**WHAT IS EXPECTED**
From the line containing "آگهی مناقصه عمومی" to the last line of the data below, copy everything exactly and nothing else; pictures stay out.

**DATA**
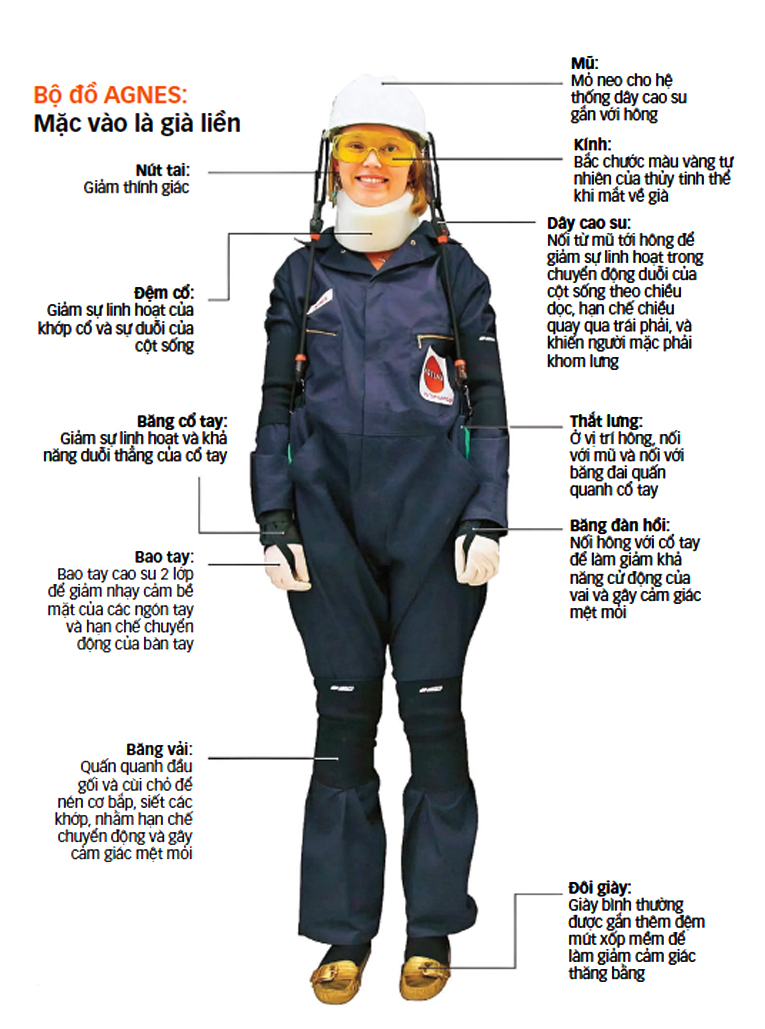 Chính nhờ đó, những bộ đồ mô phỏng tuổi già như AGNES mang lại cho các nhà nghiên cứu, kỹ sư, nhà thiết kế, sinh viên… cơ hội thấu hiểu giới hạn của người cao tuổi, từ đó tìm cách thiết kế phương tiện công cộng, nhà cửa, đồ gia dụng, bài tập thể dục hay cửa hàng mua sắm thân thiện hơn.
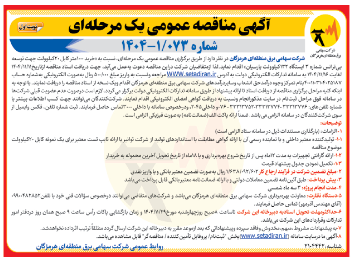 آگهی مناقصه عمومی یک مرحلهای شماره ۰۷۳/۱-۱۴۰۴
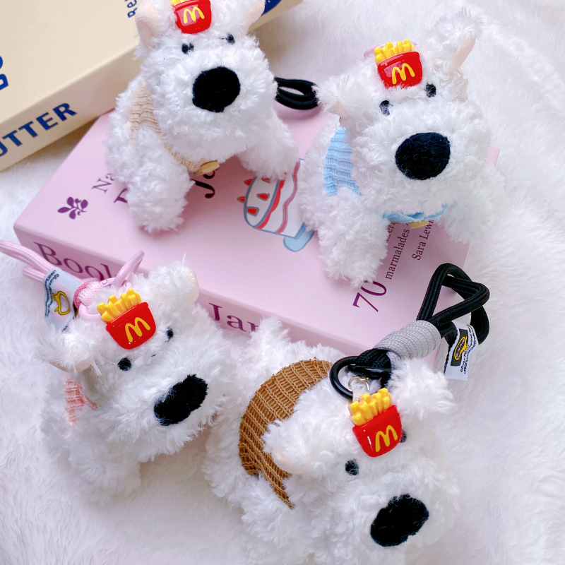 可爱薯条西高地小狗挂件毛绒车钥匙扣包挂饰ins卡通情侣公仔礼物
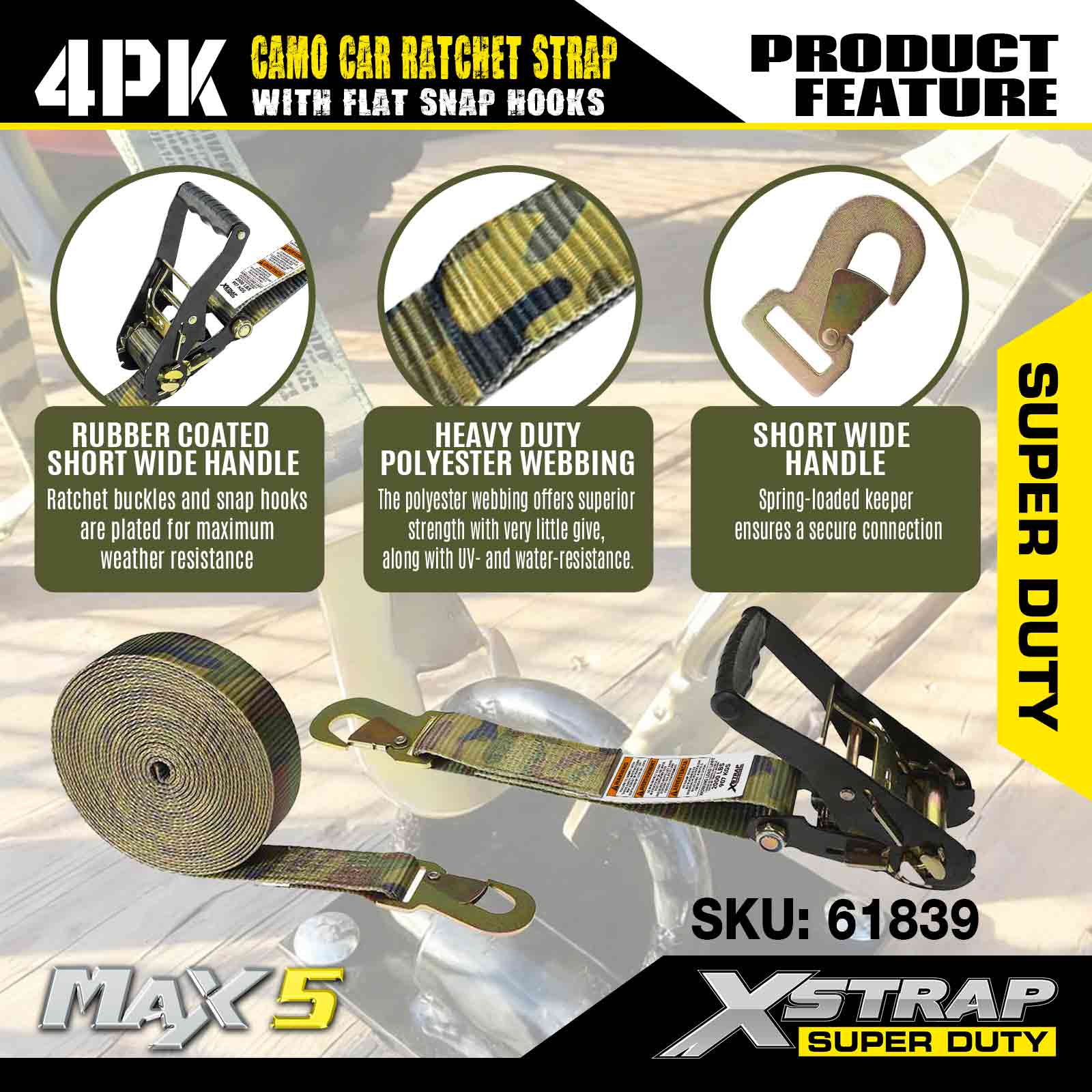 - WEERVEILIGE BESCHERMING - De riem van deze spanband is gemaakt van weerbestendig polyester. Deze band is veilig te gebruiken in de buurt van water en in directe UV-straling. De hardware van deze ratelriem is ter bescherming verzinkt.

**ANSWER TO THIS PROBLEM**
 آگهی مناقصه عمومی یک مرحلهای شماره ۰۷۳/۱-۱۴۰۴
 可爱薯条西高地小狗挂件毛绒车钥匙扣包挂饰ins卡通情侣公仔礼物
 - WEERVEILIGE BESCHERMING - De riem van deze spanband is gemaakt van weerbestendig polyester. Deze band is veilig te gebruiken in de buurt van water en in directe UV-straling. De hardware van deze ratelriem is ter bescherming verzinkt.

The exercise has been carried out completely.